Material for this task
· · · ·

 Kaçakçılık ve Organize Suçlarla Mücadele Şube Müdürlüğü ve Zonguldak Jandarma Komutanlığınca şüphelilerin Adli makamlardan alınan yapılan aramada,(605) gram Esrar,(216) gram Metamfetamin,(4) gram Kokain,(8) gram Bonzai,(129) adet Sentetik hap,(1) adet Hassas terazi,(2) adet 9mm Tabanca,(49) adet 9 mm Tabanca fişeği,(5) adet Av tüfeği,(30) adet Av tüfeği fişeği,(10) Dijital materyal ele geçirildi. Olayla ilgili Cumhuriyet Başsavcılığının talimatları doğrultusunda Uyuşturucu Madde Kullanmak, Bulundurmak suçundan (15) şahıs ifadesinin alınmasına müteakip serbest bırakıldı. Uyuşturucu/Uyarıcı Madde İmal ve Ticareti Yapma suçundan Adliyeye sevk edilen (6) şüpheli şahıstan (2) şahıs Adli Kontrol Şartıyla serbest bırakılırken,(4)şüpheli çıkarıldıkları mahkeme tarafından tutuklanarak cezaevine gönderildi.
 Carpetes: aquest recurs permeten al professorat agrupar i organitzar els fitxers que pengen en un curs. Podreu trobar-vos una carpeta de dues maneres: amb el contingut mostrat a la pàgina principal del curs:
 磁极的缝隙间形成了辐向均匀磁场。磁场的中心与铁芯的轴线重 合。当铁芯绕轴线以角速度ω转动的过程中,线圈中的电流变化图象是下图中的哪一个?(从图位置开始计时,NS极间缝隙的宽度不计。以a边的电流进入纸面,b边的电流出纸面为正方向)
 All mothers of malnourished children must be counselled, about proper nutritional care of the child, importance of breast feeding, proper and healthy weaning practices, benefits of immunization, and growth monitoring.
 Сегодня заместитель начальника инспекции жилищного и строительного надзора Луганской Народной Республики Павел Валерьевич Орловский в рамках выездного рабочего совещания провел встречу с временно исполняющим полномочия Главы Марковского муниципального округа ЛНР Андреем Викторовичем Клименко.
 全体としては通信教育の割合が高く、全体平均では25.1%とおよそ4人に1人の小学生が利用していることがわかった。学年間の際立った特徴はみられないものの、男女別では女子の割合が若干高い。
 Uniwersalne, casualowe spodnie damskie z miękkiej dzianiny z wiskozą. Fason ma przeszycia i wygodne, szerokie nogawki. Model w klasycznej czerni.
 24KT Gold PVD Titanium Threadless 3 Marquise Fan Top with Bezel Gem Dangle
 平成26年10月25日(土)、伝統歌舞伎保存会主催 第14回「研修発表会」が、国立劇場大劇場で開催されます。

· · · ·

A complete, exact copy of the records is what is needed.

 Kaçakçılık ve Organize Suçlarla Mücadele Şube Müdürlüğü ve Zonguldak Jandarma Komutanlığınca şüphelilerin Adli makamlardan alınan yapılan aramada,(605) gram Esrar,(216) gram Metamfetamin,(4) gram Kokain,(8) gram Bonzai,(129) adet Sentetik hap,(1) adet Hassas terazi,(2) adet 9mm Tabanca,(49) adet 9 mm Tabanca fişeği,(5) adet Av tüfeği,(30) adet Av tüfeği fişeği,(10) Dijital materyal ele geçirildi. Olayla ilgili Cumhuriyet Başsavcılığının talimatları doğrultusunda Uyuşturucu Madde Kullanmak, Bulundurmak suçundan (15) şahıs ifadesinin alınmasına müteakip serbest bırakıldı. Uyuşturucu/Uyarıcı Madde İmal ve Ticareti Yapma suçundan Adliyeye sevk edilen (6) şüpheli şahıstan (2) şahıs Adli Kontrol Şartıyla serbest bırakılırken,(4)şüpheli çıkarıldıkları mahkeme tarafından tutuklanarak cezaevine gönderildi.
 Carpetes: aquest recurs permeten al professorat agrupar i organitzar els fitxers que pengen en un curs. Podreu trobar-vos una carpeta de dues maneres: amb el contingut mostrat a la pàgina principal del curs:
 磁极的缝隙间形成了辐向均匀磁场。磁场的中心与铁芯的轴线重 合。当铁芯绕轴线以角速度ω转动的过程中,线圈中的电流变化图象是下图中的哪一个?(从图位置开始计时,NS极间缝隙的宽度不计。以a边的电流进入纸面,b边的电流出纸面为正方向)
 All mothers of malnourished children must be counselled, about proper nutritional care of the child, importance of breast feeding, proper and healthy weaning practices, benefits of immunization, and growth monitoring.
 Сегодня заместитель начальника инспекции жилищного и строительного надзора Луганской Народной Республики Павел Валерьевич Орловский в рамках выездного рабочего совещания провел встречу с временно исполняющим полномочия Главы Марковского муниципального округа ЛНР Андреем Викторовичем Клименко.
 全体としては通信教育の割合が高く、全体平均では25.1%とおよそ4人に1人の小学生が利用していることがわかった。学年間の際立った特徴はみられないものの、男女別では女子の割合が若干高い。
 Uniwersalne, casualowe spodnie damskie z miękkiej dzianiny z wiskozą. Fason ma przeszycia i wygodne, szerokie nogawki. Model w klasycznej czerni.
 24KT Gold PVD Titanium Threadless 3 Marquise Fan Top with Bezel Gem Dangle
 平成26年10月25日(土)、伝統歌舞伎保存会主催 第14回「研修発表会」が、国立劇場大劇場で開催されます。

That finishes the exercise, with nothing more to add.